▸ **WORK TASK**:
Repeat the records below exactly from the line containing "Chegamos até aqui" to the line containing "Футляр для ручки", taking in both of those lines. Drop the pictures.

▸ **DATA FOR PROCESSING**:
━━━━━━━━━━━━━━━━━━━━
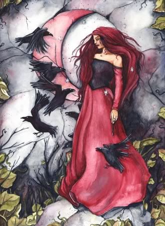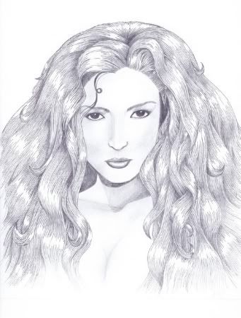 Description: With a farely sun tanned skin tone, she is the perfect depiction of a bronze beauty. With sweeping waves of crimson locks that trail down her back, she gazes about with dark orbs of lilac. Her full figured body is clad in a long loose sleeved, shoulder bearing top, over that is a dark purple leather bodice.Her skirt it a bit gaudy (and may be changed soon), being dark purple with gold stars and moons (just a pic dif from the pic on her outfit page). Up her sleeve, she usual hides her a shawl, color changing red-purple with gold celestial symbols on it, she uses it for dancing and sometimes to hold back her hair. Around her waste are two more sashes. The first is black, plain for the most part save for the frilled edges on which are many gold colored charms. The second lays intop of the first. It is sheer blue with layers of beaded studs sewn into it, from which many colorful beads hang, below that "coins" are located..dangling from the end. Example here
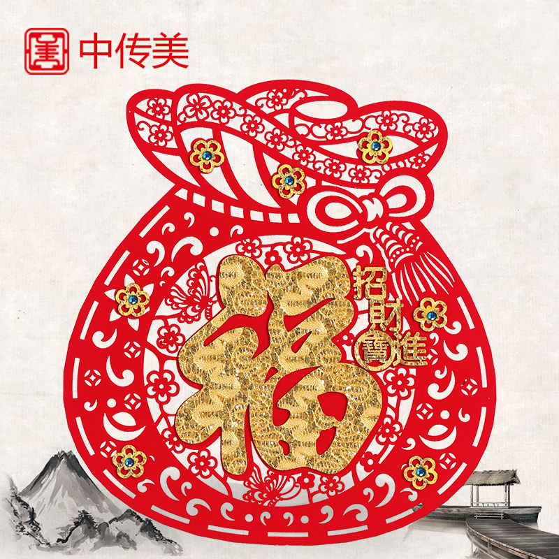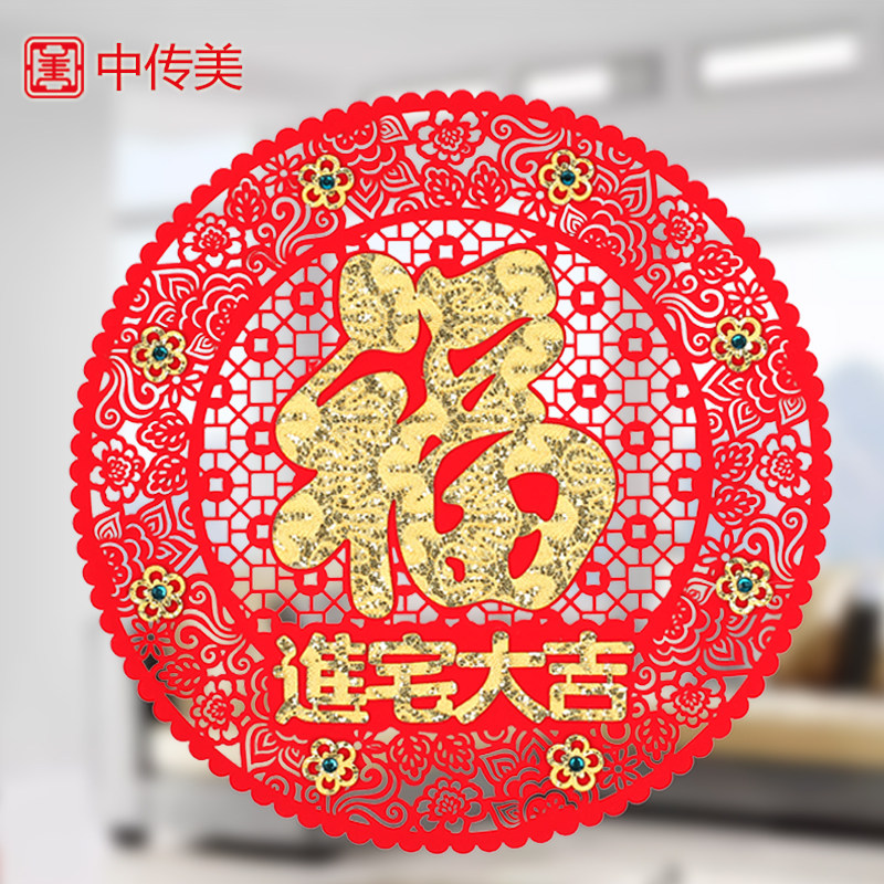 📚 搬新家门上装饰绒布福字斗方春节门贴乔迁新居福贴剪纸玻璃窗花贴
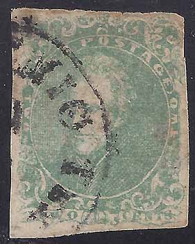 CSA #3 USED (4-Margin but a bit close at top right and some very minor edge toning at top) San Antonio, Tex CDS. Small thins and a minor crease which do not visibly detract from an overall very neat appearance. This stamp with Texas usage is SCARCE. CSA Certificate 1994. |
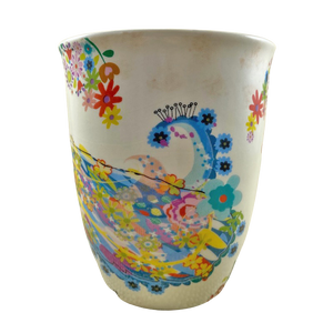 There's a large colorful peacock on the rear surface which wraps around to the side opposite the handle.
━━━━━━━━━━━━━━━━━━━━
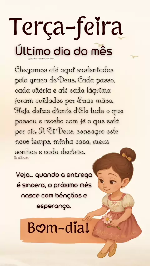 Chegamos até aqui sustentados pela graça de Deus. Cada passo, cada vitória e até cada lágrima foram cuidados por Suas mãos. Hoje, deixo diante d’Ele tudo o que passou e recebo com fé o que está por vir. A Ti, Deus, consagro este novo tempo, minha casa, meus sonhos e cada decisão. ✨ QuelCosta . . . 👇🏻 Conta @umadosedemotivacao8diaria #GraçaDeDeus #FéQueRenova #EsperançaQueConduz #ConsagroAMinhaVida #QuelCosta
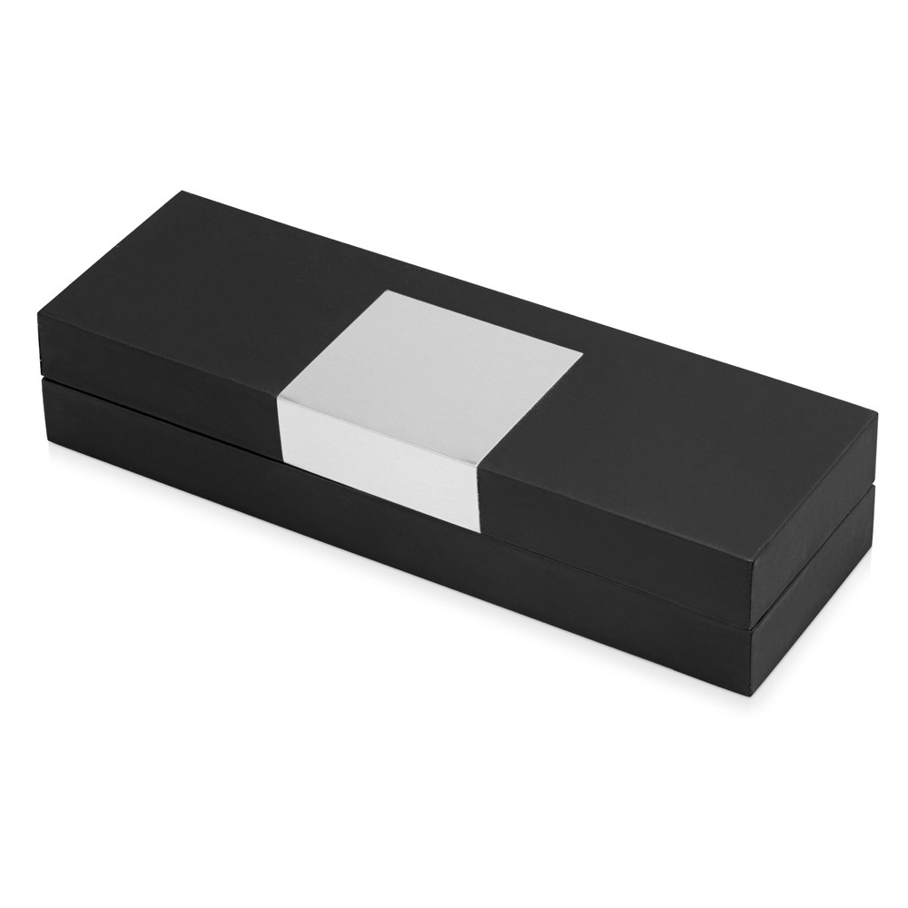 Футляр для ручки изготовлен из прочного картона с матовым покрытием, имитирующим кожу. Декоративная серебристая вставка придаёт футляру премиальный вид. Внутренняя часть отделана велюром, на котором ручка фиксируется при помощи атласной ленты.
━━━━━━━━━━━━━━━━━━━━
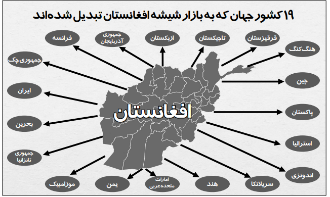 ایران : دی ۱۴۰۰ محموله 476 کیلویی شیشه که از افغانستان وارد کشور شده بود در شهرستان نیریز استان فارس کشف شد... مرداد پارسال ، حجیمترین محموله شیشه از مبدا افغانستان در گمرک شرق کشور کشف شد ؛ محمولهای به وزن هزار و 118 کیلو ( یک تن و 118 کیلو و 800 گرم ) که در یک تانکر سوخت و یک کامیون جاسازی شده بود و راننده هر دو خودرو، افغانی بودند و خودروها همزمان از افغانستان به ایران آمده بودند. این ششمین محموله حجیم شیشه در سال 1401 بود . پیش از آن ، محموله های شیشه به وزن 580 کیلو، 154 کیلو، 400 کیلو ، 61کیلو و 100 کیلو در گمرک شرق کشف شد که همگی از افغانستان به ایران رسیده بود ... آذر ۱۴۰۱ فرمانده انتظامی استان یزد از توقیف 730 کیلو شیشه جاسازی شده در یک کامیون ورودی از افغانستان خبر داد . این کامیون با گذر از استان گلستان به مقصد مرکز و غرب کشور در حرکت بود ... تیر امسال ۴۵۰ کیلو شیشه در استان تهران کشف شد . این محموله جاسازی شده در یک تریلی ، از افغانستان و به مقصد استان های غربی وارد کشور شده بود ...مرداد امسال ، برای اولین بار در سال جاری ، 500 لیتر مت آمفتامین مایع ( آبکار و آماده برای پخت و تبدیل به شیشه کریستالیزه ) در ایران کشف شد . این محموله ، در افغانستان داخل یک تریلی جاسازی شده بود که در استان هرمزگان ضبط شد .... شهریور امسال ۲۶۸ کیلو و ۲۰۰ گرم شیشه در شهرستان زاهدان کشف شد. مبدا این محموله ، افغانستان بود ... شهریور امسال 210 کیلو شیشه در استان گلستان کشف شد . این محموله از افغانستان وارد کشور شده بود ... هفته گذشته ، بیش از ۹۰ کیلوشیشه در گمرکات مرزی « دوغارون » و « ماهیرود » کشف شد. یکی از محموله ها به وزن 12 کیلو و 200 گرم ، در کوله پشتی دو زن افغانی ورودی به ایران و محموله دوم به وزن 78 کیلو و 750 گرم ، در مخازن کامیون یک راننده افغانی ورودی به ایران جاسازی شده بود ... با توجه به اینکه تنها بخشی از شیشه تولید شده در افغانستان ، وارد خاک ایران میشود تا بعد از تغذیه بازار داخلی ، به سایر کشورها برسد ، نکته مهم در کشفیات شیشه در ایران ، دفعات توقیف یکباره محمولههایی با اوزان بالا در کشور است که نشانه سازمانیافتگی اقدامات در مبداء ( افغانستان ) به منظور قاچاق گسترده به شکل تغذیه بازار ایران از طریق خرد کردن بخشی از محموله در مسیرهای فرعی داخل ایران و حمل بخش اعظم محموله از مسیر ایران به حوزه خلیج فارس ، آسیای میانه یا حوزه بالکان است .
━━━━━━━━━━━━━━━━━━━━
▸ **EXPECTED ANSWER**:
 Chegamos até aqui sustentados pela graça de Deus. Cada passo, cada vitória e até cada lágrima foram cuidados por Suas mãos. Hoje, deixo diante d’Ele tudo o que passou e recebo com fé o que está por vir. A Ti, Deus, consagro este novo tempo, minha casa, meus sonhos e cada decisão. ✨ QuelCosta . . . 👇🏻 Conta @umadosedemotivacao8diaria #GraçaDeDeus #FéQueRenova #EsperançaQueConduz #ConsagroAMinhaVida #QuelCosta
 Футляр для ручки изготовлен из прочного картона с матовым покрытием, имитирующим кожу. Декоративная серебристая вставка придаёт футляру премиальный вид. Внутренняя часть отделана велюром, на котором ручка фиксируется при помощи атласной ленты.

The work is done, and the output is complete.